Print the data below exactly, but only the lines from the one containing "쌀밥 / 부대찌개 / 한식잡채 / 비름나물 / 단호박범벅 / 깍두기" down to the one containing "Effect of SDBS", inclusive.

__DATA FOR REVIEW__:
----

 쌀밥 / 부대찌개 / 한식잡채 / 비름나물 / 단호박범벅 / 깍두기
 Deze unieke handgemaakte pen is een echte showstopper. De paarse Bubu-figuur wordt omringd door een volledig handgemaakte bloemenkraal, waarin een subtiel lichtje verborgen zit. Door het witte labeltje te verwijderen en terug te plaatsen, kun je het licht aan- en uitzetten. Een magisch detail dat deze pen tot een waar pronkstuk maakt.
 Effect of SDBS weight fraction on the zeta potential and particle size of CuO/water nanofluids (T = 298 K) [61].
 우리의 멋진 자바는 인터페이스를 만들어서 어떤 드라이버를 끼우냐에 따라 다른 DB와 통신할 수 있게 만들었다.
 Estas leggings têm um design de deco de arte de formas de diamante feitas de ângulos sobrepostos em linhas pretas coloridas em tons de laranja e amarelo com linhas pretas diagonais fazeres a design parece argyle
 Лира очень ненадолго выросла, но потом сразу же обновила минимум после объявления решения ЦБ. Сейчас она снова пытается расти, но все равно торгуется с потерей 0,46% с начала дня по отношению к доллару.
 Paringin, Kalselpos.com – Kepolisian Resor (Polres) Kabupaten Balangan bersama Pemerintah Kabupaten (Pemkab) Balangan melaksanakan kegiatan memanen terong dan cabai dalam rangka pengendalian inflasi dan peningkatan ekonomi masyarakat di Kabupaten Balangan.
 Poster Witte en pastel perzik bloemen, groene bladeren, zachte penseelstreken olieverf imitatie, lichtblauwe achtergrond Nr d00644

----

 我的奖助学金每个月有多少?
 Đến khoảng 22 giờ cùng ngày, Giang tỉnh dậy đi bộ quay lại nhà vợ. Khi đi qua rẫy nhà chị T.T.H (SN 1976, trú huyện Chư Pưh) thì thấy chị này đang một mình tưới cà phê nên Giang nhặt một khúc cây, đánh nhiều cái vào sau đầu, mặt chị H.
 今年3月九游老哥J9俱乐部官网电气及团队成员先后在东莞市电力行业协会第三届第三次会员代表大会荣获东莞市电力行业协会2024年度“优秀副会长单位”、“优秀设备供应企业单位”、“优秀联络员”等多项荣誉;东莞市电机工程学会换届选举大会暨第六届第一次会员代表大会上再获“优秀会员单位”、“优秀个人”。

----

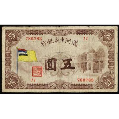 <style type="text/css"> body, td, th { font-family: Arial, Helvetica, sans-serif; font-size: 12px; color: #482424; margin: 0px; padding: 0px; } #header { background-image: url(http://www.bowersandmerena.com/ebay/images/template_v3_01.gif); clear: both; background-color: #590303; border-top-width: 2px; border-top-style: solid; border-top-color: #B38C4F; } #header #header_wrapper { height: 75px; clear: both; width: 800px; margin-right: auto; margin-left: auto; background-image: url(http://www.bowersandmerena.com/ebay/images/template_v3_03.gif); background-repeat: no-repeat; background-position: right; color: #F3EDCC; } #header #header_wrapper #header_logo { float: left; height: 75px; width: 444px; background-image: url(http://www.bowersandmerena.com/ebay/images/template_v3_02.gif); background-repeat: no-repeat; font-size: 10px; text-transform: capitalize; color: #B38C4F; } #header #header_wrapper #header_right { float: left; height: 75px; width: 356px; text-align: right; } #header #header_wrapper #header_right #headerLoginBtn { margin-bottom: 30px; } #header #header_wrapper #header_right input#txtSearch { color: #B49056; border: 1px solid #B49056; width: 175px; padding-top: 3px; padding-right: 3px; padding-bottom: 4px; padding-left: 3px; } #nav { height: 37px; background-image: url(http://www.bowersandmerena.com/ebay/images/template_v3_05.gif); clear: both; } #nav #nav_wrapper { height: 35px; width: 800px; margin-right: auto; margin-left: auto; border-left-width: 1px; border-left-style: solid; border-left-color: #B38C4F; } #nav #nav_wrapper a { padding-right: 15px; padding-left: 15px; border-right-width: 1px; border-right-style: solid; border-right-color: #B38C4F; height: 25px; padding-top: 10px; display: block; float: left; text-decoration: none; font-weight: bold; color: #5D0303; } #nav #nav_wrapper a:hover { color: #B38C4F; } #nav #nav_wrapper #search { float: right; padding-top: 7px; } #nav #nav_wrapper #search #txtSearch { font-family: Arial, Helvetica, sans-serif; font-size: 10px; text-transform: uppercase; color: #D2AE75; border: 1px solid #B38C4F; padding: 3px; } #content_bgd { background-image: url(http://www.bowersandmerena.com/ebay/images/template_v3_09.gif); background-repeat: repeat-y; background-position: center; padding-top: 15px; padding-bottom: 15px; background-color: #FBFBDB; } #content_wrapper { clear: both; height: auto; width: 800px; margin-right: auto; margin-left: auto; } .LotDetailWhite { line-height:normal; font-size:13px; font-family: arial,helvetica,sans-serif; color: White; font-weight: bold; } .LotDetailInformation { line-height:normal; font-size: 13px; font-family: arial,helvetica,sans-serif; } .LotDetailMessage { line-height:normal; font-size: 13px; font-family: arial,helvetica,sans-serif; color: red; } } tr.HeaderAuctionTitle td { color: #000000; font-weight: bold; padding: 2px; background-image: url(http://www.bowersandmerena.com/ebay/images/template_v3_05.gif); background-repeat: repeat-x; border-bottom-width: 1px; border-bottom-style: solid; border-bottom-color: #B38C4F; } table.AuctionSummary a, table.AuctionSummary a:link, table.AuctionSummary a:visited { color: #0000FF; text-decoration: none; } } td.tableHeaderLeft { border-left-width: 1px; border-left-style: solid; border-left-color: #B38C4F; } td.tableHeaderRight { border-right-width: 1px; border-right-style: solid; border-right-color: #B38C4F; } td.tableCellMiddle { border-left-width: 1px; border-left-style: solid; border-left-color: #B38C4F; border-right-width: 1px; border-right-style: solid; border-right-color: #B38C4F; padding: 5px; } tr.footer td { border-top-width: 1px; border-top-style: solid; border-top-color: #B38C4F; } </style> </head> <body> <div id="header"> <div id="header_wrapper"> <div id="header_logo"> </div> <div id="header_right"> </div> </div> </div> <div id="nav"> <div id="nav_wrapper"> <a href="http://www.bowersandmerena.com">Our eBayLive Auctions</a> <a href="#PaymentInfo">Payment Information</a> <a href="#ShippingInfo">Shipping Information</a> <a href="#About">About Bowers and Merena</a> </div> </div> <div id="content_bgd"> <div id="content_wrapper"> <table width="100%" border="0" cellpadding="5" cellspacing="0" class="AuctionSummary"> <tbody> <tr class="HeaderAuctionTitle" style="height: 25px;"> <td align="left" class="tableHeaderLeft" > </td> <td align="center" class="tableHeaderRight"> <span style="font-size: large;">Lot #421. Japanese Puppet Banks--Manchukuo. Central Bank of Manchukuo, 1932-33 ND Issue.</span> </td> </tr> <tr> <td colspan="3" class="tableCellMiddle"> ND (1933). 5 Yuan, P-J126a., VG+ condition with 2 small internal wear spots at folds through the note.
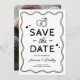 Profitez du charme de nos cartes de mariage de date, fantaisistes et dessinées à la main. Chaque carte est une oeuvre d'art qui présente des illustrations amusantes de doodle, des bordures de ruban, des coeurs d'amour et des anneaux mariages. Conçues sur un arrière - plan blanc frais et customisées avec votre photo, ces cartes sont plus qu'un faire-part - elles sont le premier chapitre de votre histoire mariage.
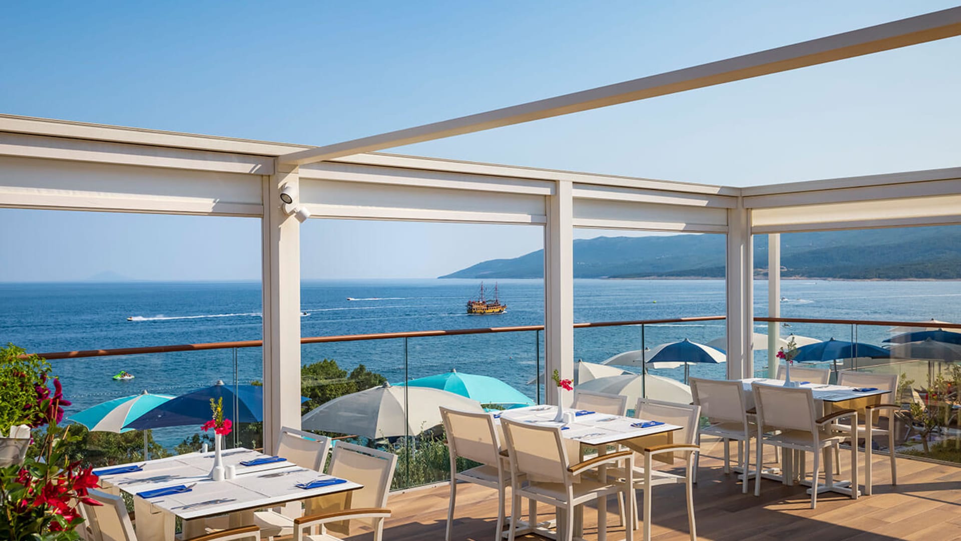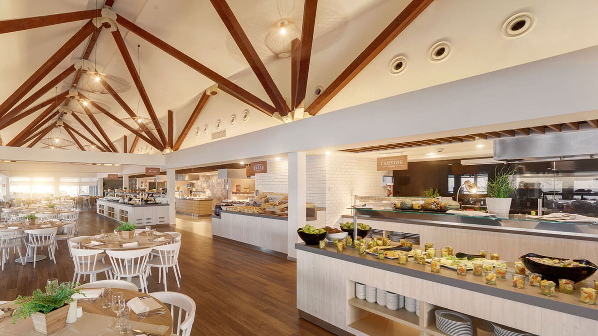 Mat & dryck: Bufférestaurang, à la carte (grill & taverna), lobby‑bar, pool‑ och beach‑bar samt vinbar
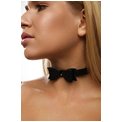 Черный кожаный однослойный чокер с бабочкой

----

__RESPONSE__:
 쌀밥 / 부대찌개 / 한식잡채 / 비름나물 / 단호박범벅 / 깍두기
 Deze unieke handgemaakte pen is een echte showstopper. De paarse Bubu-figuur wordt omringd door een volledig handgemaakte bloemenkraal, waarin een subtiel lichtje verborgen zit. Door het witte labeltje te verwijderen en terug te plaatsen, kun je het licht aan- en uitzetten. Een magisch detail dat deze pen tot een waar pronkstuk maakt.
 Effect of SDBS weight fraction on the zeta potential and particle size of CuO/water nanofluids (T = 298 K) [61].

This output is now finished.